• **WHAT IS NEEDED**
Each line below from the line with "the washing machine." to the line with "А вот здесь" must be copied exactly, including those two, and no picture may appear in the copy.

• **SUPPLIED INFORMATION**

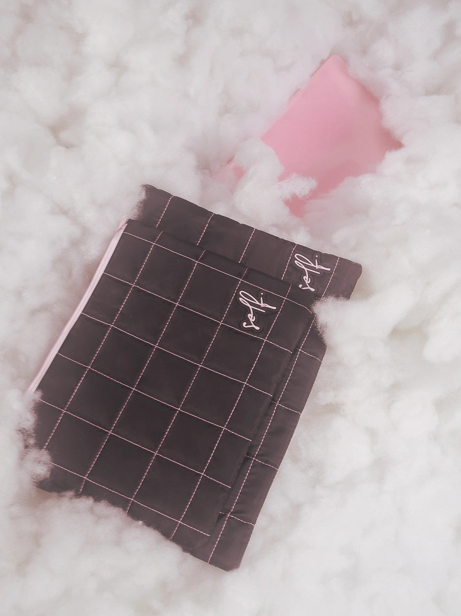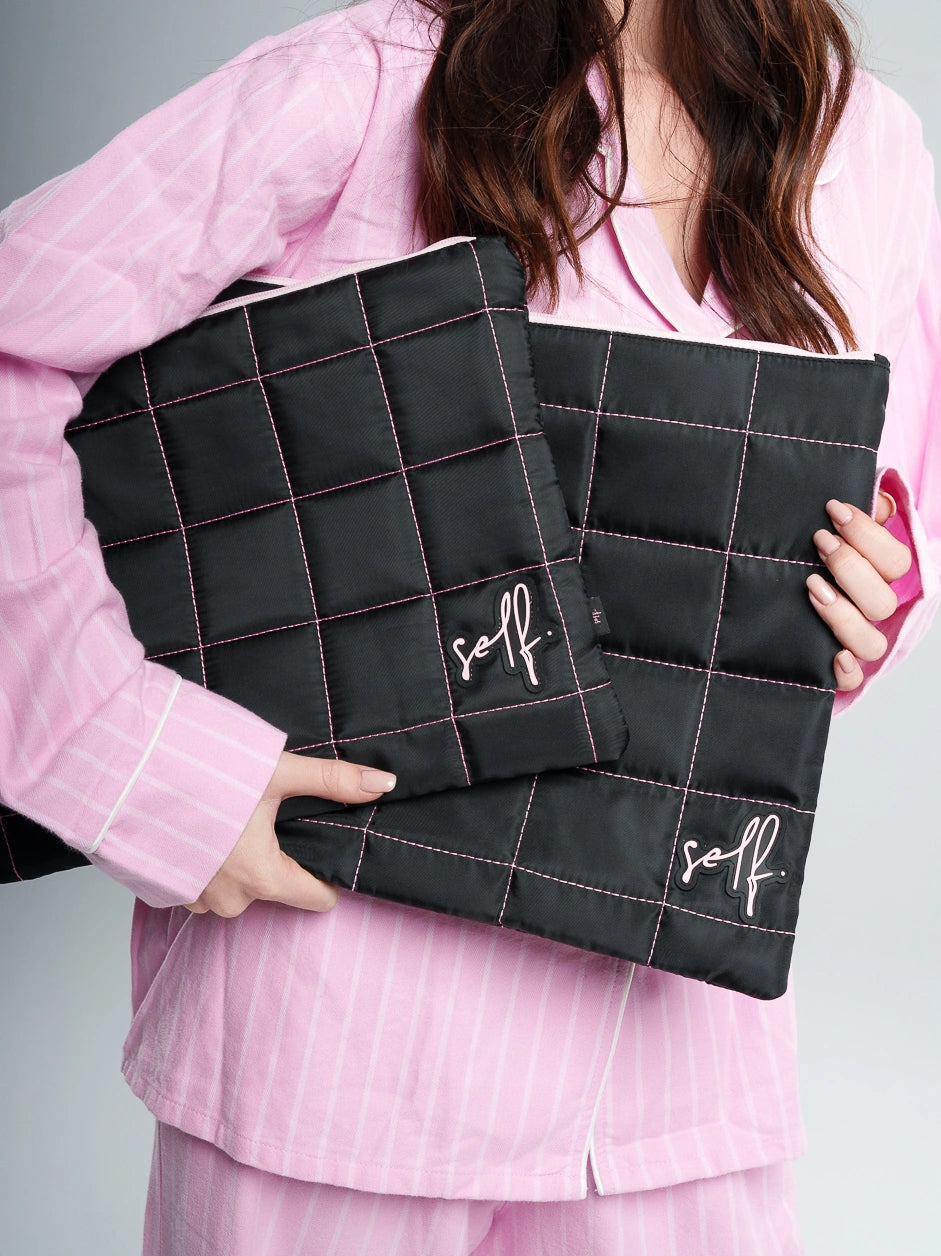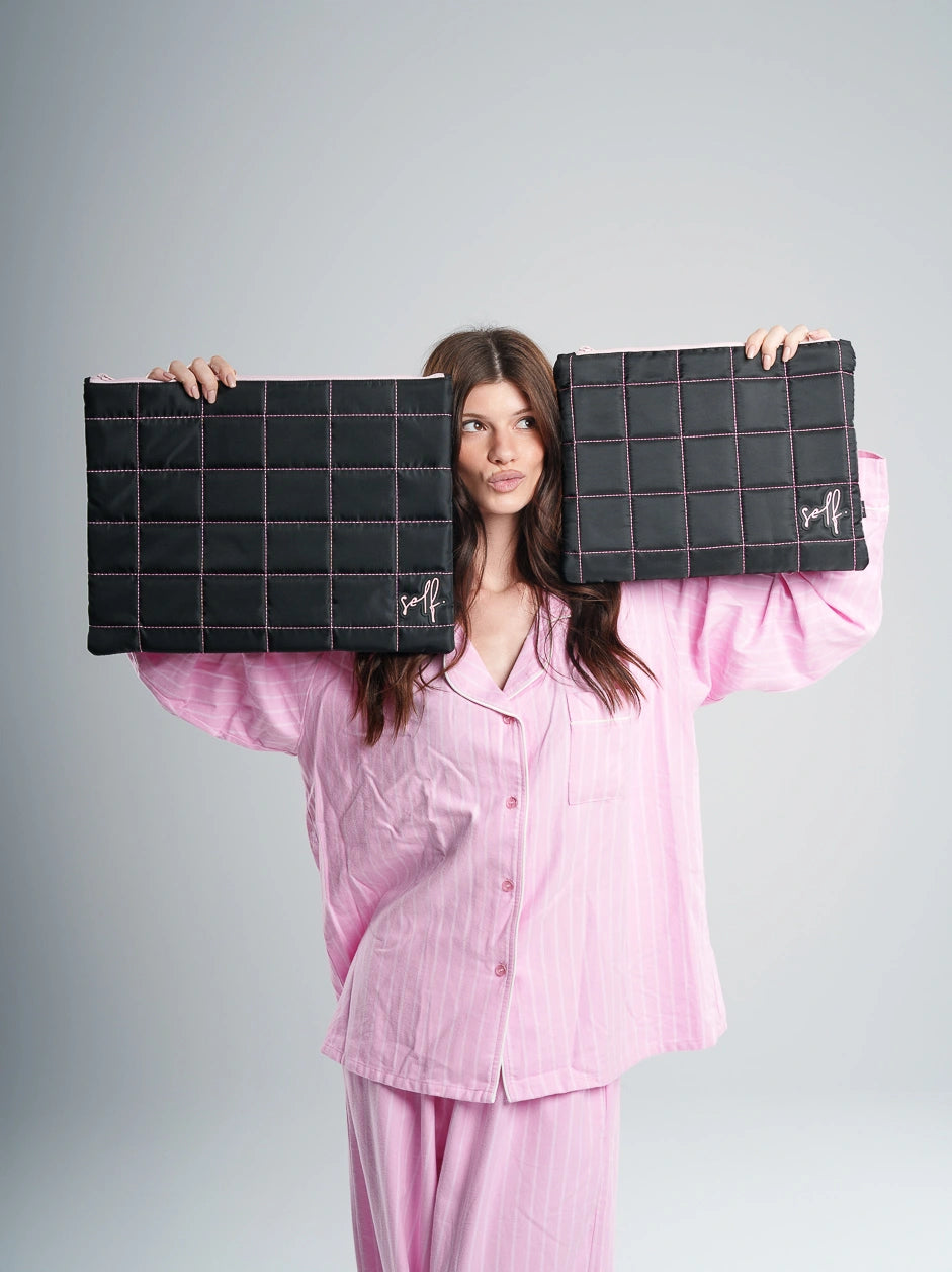 because your laptop deserves a pretty sleeve — padded, quilted, stitched in hot pink, lined in velvet, and fits like a glove. what more could you need?
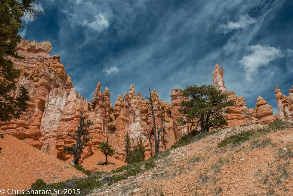 These Hoodoos are the result of water getting into the rocks, freezing and breaking off pieces of the rock. These spires are constantly changing.
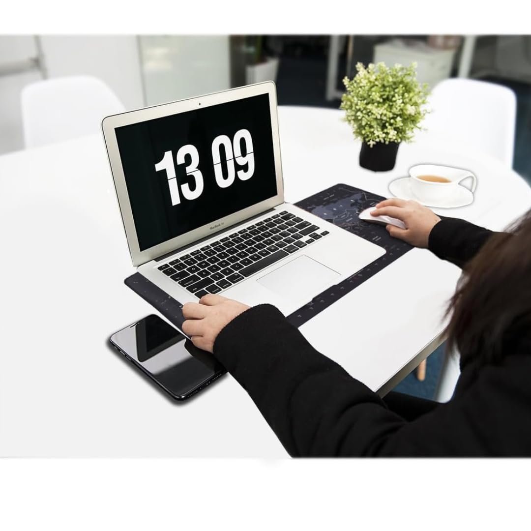 ?Natural Rubber Material and Machine Washable?The keyboard pad is made of natural rubber material, This mouse pad large has no irritating odor and is non-toxic and risk-free. If coffee or other drinks are spilled on top of desk mats, simply throw office desk accessories into the washing machine.
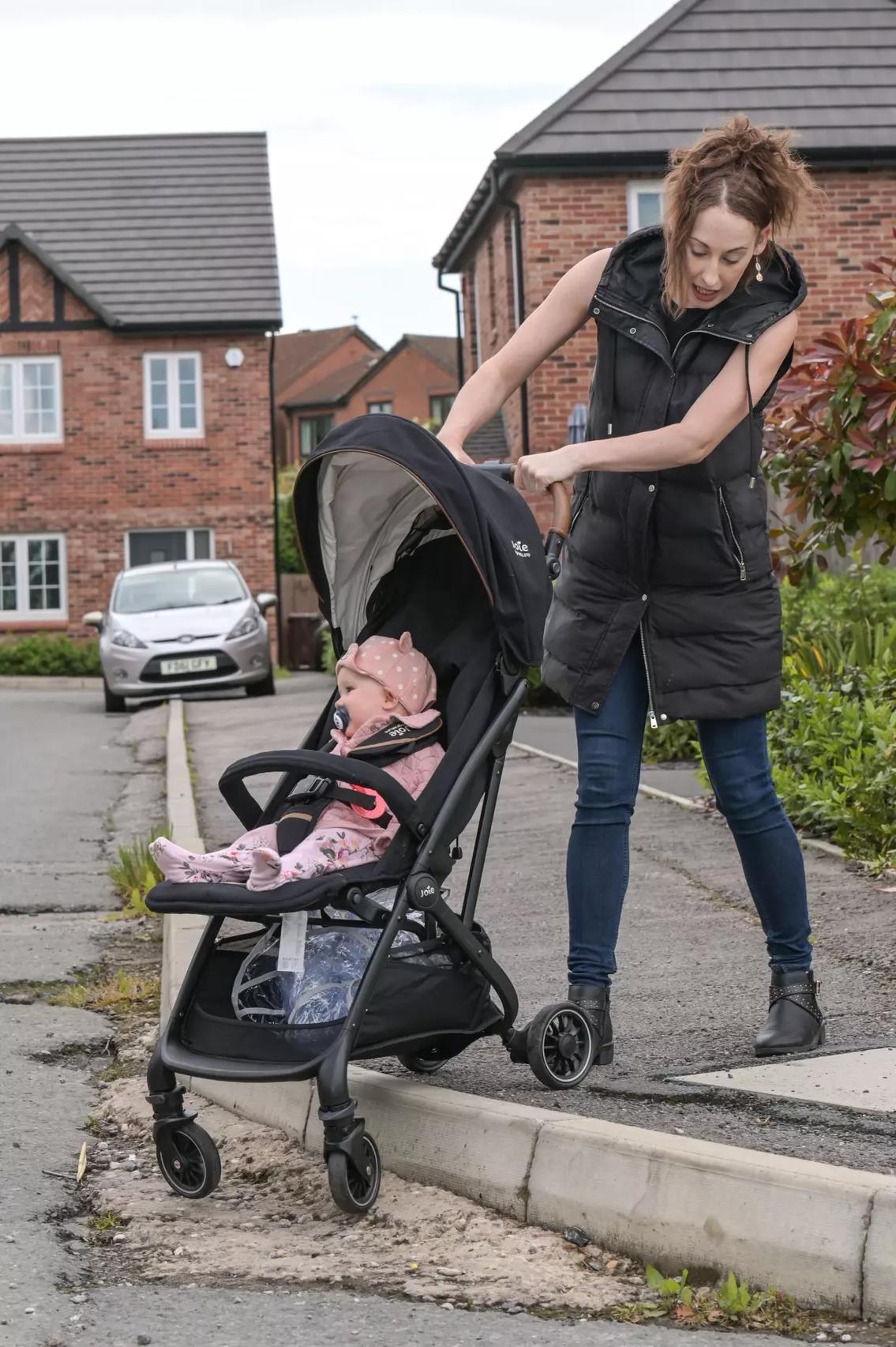 Con gái của chị Rachel Hopkins suýt bị văng khỏi xe đẩy vì không có lối lên xuống vỉa hè.
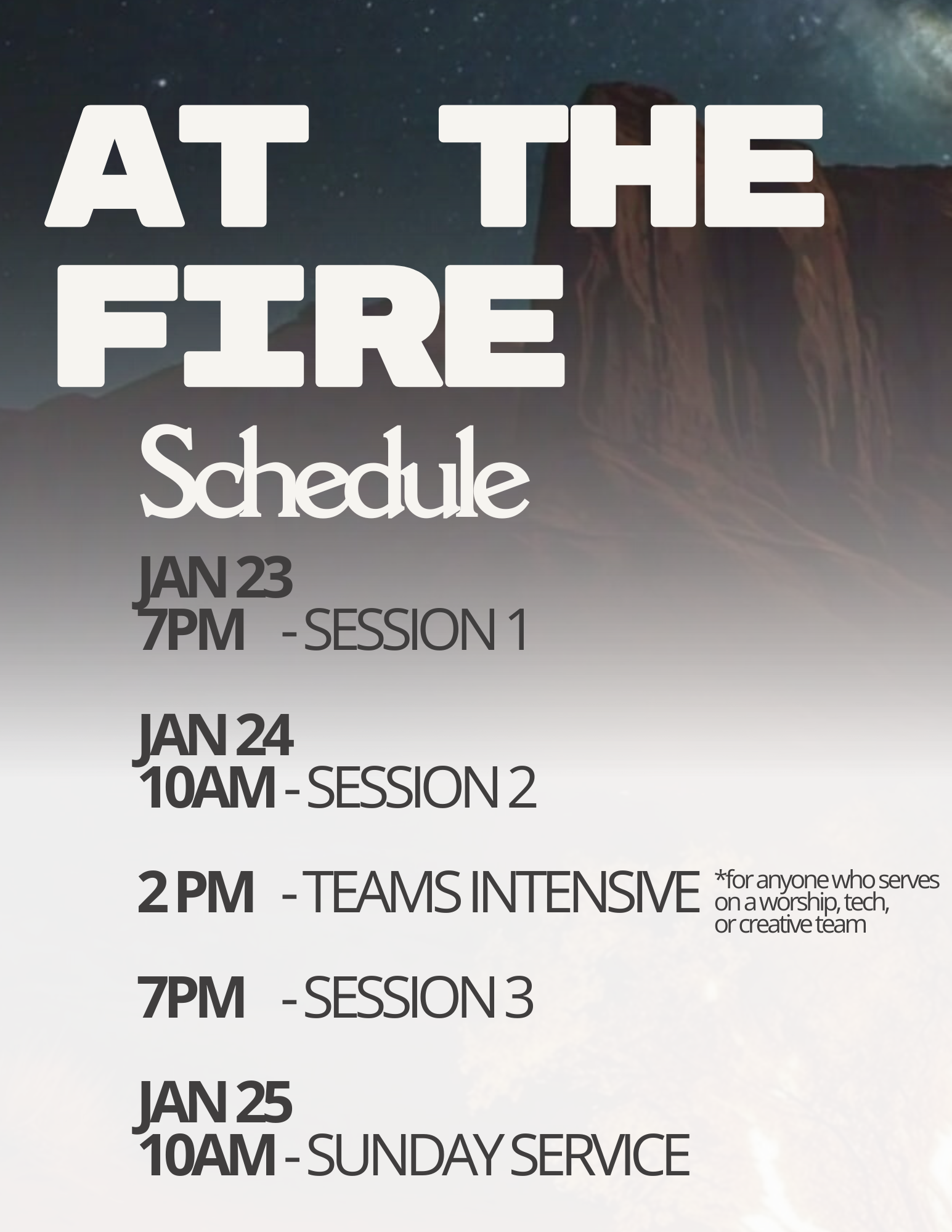 Get ready for an amazing weekend where we, as worshippers of Jesus, gather to encounter fresh fire!
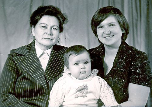 А вот здесь можно пронаблюдать сходство у женщин 3 поколений нашей семьи. Слева направо: бабушка, я, мама. Как показывают наблюдения, сходство наблюдается весьма натянутое.
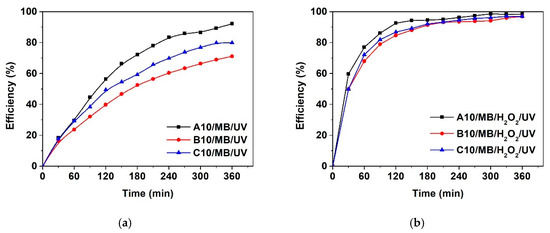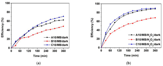 The main oxides present in fly ash are mullite (2SiO2∙3Al2O3), α-quartz (SiO2), hematite (α-Fe2O3), and magnetite (Fe3O4), which comprise over 70% of the fly ash. The majority of oxides present in fly ash are photocatalytic inactive; fly ash is a good adsorbent in dye removal. The magnetite and hematite, together with hydrogen peroxide, act as in situ Fenton reactive, which improves the efficiency of dyes degradation. The results presented in Figure 6b and Figure 7b demonstrate that in situ Fenton and photo-Fenton homogeneous processes, caused by the Fe2+, Mn3+ and Cu2+, on the surface of the fly-ash-based material increase the MB degradation very quickly. Under UV irradiation, the effect of H2O2 is much stronger, and the efficiency strongly increases, suggesting these materials be recommended for wastewater remediation.
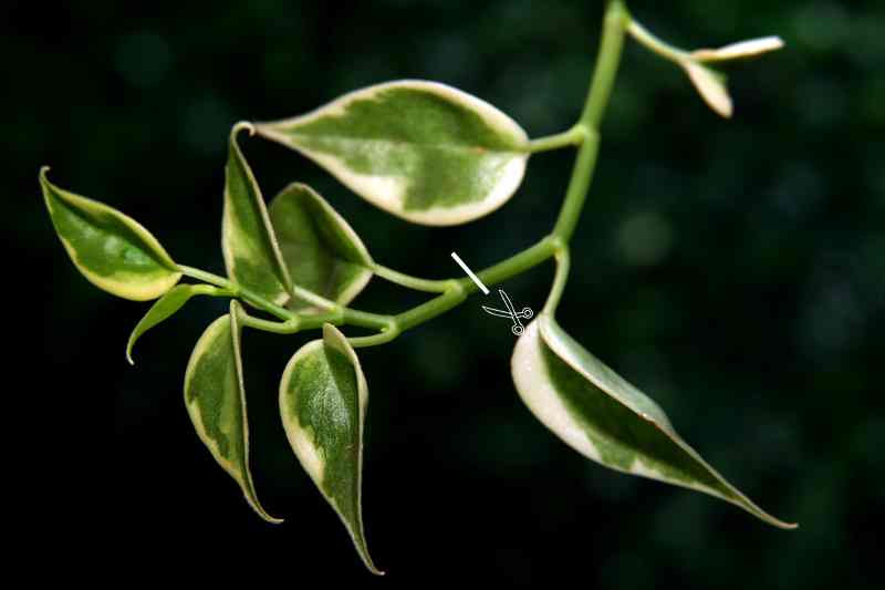 - Prélevez une tige d'Hoya de 10 à 12 cm, munie d’au moins deux nœuds. Retirez les feuilles du bas.
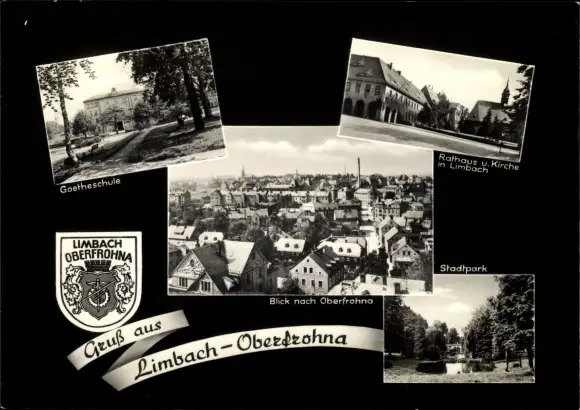 Ak Limbach Oberfrohna in Sachsen, Wappen, Goetheschule, Stadtpark, Rathaus und Kirche
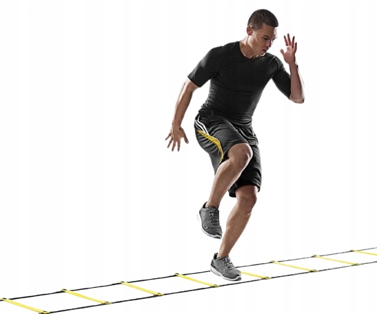 - ПРАКТИКУЄТЬСЯ КОНТРОЛЮ ТІЛА – вправи з тренувальною драбиною можна вільно варіювати та модифікувати відповідно до потреб. Зазвичай їхньою основою є якнайкоротший контакт стопи з землею – тому стрибати між щаблями потрібно якомога швидше (вперед, убік, назад).
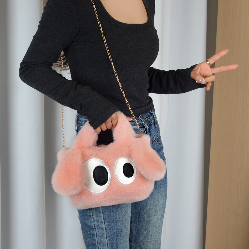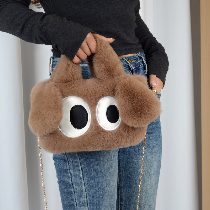 새로운 플러시 귀여운 크로스백 큰 눈 강아지 숄더백 만화 고급스러운 패션 체인백 가을 스타일스토어 가기
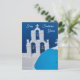 Postcard of Santorini, Greece showing the three bells of Fira. This photographic image captures the blueness of the sea behind. Santorini is one of the most popular Greek islands and having visited it is not hard to see why. There are two idyllic towns the capital Fira and the town of Oia where people gather to see the spectacular sunset everyday. They both have lots of white washed buildings and narrow streets as well as blue dome churches. Santorini is a very popular Greek island for couples that want to get married in the sun. If however you want a beach then you would have to come away from Fira and Oia, as pretty as they are, they do not have beaches. Santorini, Greece postcard
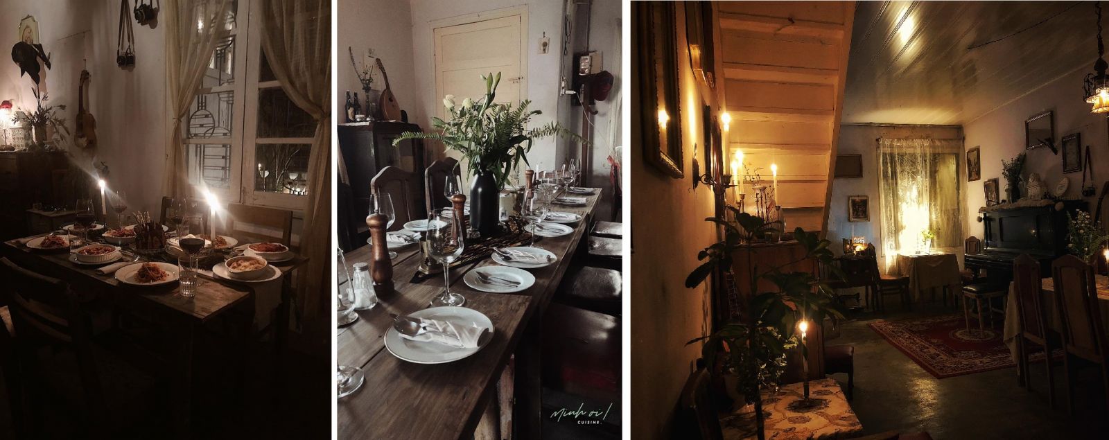 Tọa lạc tại số nhà cũ 152 trên con đường gần trung tâm thành phố, đúng như tên nhà hàng: Mình ơi!, không gian bên trong được trang trí rất cổ, không mới, không lung linh. Tất cả vật dụng đều được người chủ tận dụng từ các món đồ cũ như bàn ghế, khăn trải bàn, vật trang trí, ... Chính vì vậy, nó tạo nên một sự bình yên, mơ mộng và cả dịu dàng. Đến đây, cùng ngôi bên nhau dưới ánh nến, thưởng thức những ly rượu vang cùng các món ăn từ Á sang Âu, bạn sẽ cảm nhận được sự bình yên và hạnh phúc khi ở cạnh người thương.

• **RESPONSE FOR THIS EXERCISE**
 ?Natural Rubber Material and Machine Washable?The keyboard pad is made of natural rubber material, This mouse pad large has no irritating odor and is non-toxic and risk-free. If coffee or other drinks are spilled on top of desk mats, simply throw office desk accessories into the washing machine.
 Con gái của chị Rachel Hopkins suýt bị văng khỏi xe đẩy vì không có lối lên xuống vỉa hè.
 Get ready for an amazing weekend where we, as worshippers of Jesus, gather to encounter fresh fire!
 А вот здесь можно пронаблюдать сходство у женщин 3 поколений нашей семьи. Слева направо: бабушка, я, мама. Как показывают наблюдения, сходство наблюдается весьма натянутое.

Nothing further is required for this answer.